Запинаясь, она объяснила почему. И пока объясняла, из её голоса уходила жизнь, лицо гасло, она удалялась от меня, точно и не плакала вовсе, не искала помощи и сочувствия, не была прильнувшим ко мне, как к матери или отцу, ребёнком, таким не похожим ни на прежнюю Эю-воительницу, ни на недавнюю Эю-робота. Не все было ясно в её словах, но кое о чем я мог бы и сам догадаться.

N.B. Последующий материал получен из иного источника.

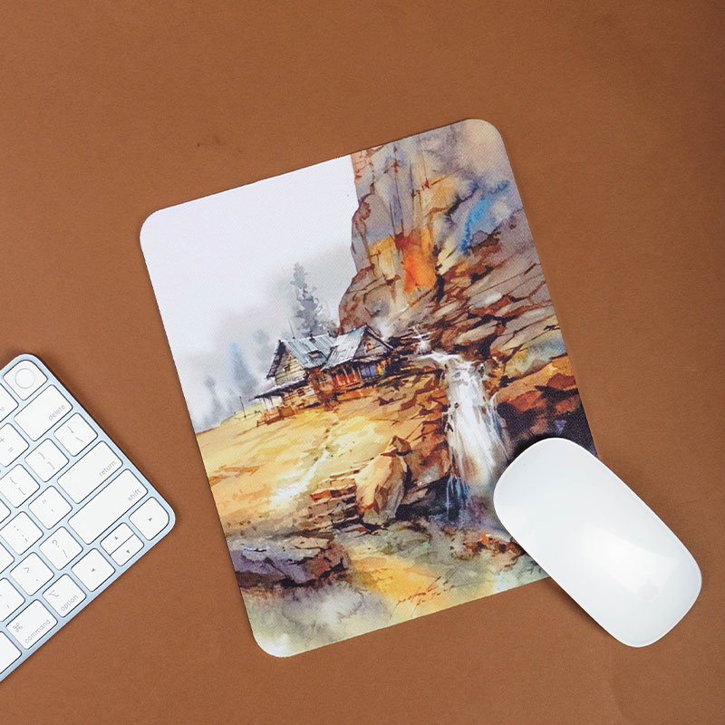 Material RubberDimension 9 inches by 7.5 inchesSmooth surface for optimal mouse movement.Transform your workspace with our serene mouse pad design, featuring a mesmerizing waterfall beside a cozy mountain home. This durable, high-quality print brings a touch of tranquility to your desk.
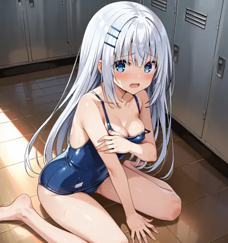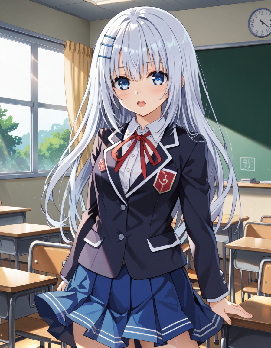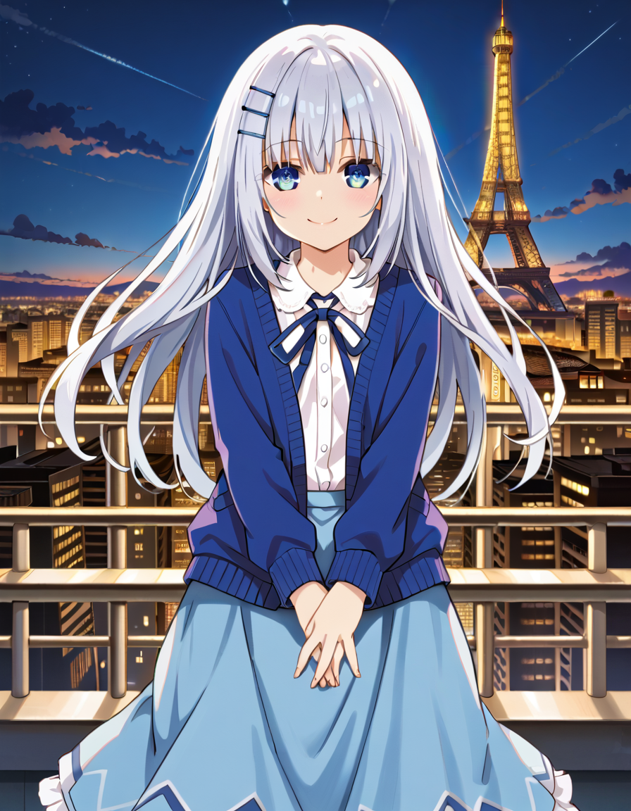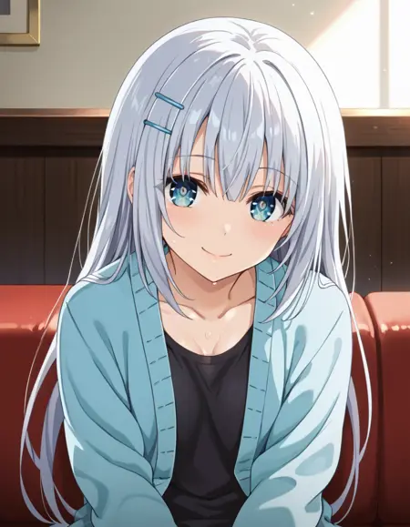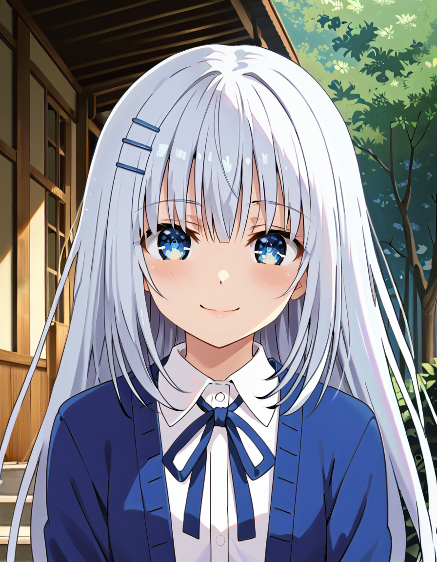 Moegami, long hair, white hair, blue eyes, ori hairclip

Родовое сознание — вот слово, которое объясняло многое, если не все. Человек, в отличие от многих других существ, не способен долго и без ущерба жить в одиночестве, этим он похож на пчелу или на муравья, ибо общество столь же властвует над душой, как земное тяготение над телом. Это так же верно для нас, как и для наших далёких предков. Вне общества посреди самых райских кущ для нас расстилается незримая и неосязаемая, но не менее страшная, чем любая Сахара, пустыня жизни. До неё не надо далеко идти, она рядом, и только близость людей оградой встаёт меж ней и человеком. Но эта ограда может быть и фасадом дворца, и стеной каземата. Причём сразу тем и другим одновременно.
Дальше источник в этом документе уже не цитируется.